Assigned task —
Give back exactly the lines from the start of the listing to the line containing "Detailed procedures of", inclusive, and nothing beyond them.

Supplied material —
________

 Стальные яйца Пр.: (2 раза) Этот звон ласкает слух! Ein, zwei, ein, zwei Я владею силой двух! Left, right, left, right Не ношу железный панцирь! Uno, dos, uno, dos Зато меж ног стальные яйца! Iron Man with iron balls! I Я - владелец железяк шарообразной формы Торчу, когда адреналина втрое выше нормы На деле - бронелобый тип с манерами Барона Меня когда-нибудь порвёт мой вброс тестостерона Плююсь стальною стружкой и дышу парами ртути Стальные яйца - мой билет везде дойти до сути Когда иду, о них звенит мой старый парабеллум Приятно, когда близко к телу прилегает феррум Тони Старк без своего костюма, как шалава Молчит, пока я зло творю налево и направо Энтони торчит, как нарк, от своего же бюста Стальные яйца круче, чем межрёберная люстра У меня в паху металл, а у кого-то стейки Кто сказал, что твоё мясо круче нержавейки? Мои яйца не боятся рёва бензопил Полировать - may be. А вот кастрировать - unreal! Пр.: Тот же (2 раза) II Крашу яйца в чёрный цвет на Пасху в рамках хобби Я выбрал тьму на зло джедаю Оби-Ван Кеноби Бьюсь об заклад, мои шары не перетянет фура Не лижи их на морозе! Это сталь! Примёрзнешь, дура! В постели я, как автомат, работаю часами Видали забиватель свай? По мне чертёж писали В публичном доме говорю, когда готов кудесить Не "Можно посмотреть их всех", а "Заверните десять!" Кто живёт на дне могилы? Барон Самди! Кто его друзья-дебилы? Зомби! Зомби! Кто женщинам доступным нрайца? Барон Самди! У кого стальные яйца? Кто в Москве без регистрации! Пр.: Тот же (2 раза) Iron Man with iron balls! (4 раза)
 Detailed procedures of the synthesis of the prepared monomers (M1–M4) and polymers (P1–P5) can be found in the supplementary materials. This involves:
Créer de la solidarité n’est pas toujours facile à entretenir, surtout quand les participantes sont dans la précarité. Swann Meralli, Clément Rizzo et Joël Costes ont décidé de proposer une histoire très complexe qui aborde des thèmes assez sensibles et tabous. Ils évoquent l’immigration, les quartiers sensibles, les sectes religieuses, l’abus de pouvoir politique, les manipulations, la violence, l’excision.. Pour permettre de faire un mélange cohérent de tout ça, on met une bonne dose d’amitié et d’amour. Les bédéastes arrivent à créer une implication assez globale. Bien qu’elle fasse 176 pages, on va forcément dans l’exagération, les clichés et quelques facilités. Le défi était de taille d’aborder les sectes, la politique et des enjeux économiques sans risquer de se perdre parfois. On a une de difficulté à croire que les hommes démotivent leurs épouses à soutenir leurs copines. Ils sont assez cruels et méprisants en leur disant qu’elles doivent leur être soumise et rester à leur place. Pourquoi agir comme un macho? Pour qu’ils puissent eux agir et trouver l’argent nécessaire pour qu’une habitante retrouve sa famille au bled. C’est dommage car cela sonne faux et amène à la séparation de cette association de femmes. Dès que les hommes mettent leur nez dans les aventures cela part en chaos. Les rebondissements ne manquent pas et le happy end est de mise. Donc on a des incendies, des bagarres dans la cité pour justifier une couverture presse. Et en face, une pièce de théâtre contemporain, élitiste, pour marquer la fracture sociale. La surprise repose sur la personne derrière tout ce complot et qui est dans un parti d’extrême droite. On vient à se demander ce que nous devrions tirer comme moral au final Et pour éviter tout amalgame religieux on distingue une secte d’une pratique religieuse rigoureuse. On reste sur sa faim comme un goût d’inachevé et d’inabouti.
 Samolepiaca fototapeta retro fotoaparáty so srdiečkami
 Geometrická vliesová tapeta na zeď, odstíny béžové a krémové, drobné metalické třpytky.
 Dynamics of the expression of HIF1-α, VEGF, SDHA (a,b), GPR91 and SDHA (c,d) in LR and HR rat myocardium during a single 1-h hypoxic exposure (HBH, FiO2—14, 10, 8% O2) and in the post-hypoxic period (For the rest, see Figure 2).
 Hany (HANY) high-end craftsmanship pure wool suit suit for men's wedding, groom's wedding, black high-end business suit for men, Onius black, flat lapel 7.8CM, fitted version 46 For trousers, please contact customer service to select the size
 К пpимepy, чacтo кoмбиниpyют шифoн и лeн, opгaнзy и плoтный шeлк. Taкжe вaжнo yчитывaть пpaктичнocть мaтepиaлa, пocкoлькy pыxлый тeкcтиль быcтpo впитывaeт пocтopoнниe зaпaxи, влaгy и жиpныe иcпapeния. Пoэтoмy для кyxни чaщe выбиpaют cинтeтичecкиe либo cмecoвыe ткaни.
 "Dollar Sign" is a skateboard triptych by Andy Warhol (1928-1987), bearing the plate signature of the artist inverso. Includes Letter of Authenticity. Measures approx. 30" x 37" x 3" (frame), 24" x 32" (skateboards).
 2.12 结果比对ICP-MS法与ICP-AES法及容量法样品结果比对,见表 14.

________

Result for this task —
 Стальные яйца Пр.: (2 раза) Этот звон ласкает слух! Ein, zwei, ein, zwei Я владею силой двух! Left, right, left, right Не ношу железный панцирь! Uno, dos, uno, dos Зато меж ног стальные яйца! Iron Man with iron balls! I Я - владелец железяк шарообразной формы Торчу, когда адреналина втрое выше нормы На деле - бронелобый тип с манерами Барона Меня когда-нибудь порвёт мой вброс тестостерона Плююсь стальною стружкой и дышу парами ртути Стальные яйца - мой билет везде дойти до сути Когда иду, о них звенит мой старый парабеллум Приятно, когда близко к телу прилегает феррум Тони Старк без своего костюма, как шалава Молчит, пока я зло творю налево и направо Энтони торчит, как нарк, от своего же бюста Стальные яйца круче, чем межрёберная люстра У меня в паху металл, а у кого-то стейки Кто сказал, что твоё мясо круче нержавейки? Мои яйца не боятся рёва бензопил Полировать - may be. А вот кастрировать - unreal! Пр.: Тот же (2 раза) II Крашу яйца в чёрный цвет на Пасху в рамках хобби Я выбрал тьму на зло джедаю Оби-Ван Кеноби Бьюсь об заклад, мои шары не перетянет фура Не лижи их на морозе! Это сталь! Примёрзнешь, дура! В постели я, как автомат, работаю часами Видали забиватель свай? По мне чертёж писали В публичном доме говорю, когда готов кудесить Не "Можно посмотреть их всех", а "Заверните десять!" Кто живёт на дне могилы? Барон Самди! Кто его друзья-дебилы? Зомби! Зомби! Кто женщинам доступным нрайца? Барон Самди! У кого стальные яйца? Кто в Москве без регистрации! Пр.: Тот же (2 раза) Iron Man with iron balls! (4 раза)
 Detailed procedures of the synthesis of the prepared monomers (M1–M4) and polymers (P1–P5) can be found in the supplementary materials. This involves:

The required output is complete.